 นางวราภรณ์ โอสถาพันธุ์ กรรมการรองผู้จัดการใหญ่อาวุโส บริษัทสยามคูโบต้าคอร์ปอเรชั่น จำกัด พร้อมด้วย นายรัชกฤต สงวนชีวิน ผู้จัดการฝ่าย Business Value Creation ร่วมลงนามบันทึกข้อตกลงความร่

——————

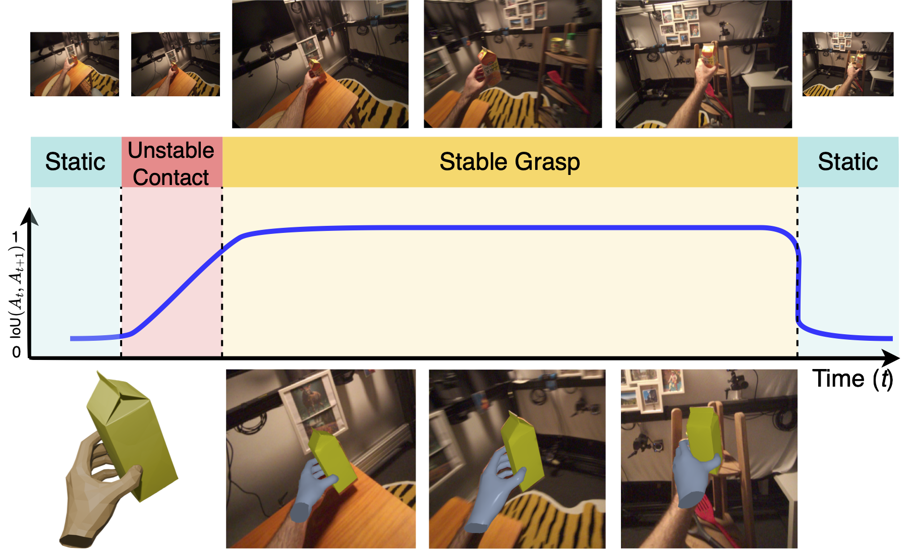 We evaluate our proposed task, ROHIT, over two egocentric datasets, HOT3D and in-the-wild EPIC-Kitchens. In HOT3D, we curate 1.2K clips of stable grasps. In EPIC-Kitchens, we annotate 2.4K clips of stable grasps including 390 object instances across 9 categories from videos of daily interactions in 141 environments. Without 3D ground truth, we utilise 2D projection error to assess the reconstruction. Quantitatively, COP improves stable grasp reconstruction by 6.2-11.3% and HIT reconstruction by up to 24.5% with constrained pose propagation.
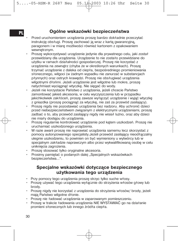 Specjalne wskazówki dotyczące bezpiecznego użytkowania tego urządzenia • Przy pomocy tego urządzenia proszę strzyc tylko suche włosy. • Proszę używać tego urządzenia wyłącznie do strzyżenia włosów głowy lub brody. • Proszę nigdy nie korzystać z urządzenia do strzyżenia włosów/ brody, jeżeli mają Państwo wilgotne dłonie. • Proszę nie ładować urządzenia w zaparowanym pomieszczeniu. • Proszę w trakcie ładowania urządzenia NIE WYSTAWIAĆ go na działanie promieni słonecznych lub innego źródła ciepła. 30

——————

— PROBLEM DESCRIPTION —
In the entries above, find the line that contains "We evaluate our" and the line that contains "Specjalne wskazówki dotyczące". Reproduce exactly those two lines and every line between them, but not the pictures.

— ANSWER SECTION —
 We evaluate our proposed task, ROHIT, over two egocentric datasets, HOT3D and in-the-wild EPIC-Kitchens. In HOT3D, we curate 1.2K clips of stable grasps. In EPIC-Kitchens, we annotate 2.4K clips of stable grasps including 390 object instances across 9 categories from videos of daily interactions in 141 environments. Without 3D ground truth, we utilise 2D projection error to assess the reconstruction. Quantitatively, COP improves stable grasp reconstruction by 6.2-11.3% and HIT reconstruction by up to 24.5% with constrained pose propagation.
 Specjalne wskazówki dotyczące bezpiecznego użytkowania tego urządzenia • Przy pomocy tego urządzenia proszę strzyc tylko suche włosy. • Proszę używać tego urządzenia wyłącznie do strzyżenia włosów głowy lub brody. • Proszę nigdy nie korzystać z urządzenia do strzyżenia włosów/ brody, jeżeli mają Państwo wilgotne dłonie. • Proszę nie ładować urządzenia w zaparowanym pomieszczeniu. • Proszę w trakcie ładowania urządzenia NIE WYSTAWIAĆ go na działanie promieni słonecznych lub innego źródła ciepła. 30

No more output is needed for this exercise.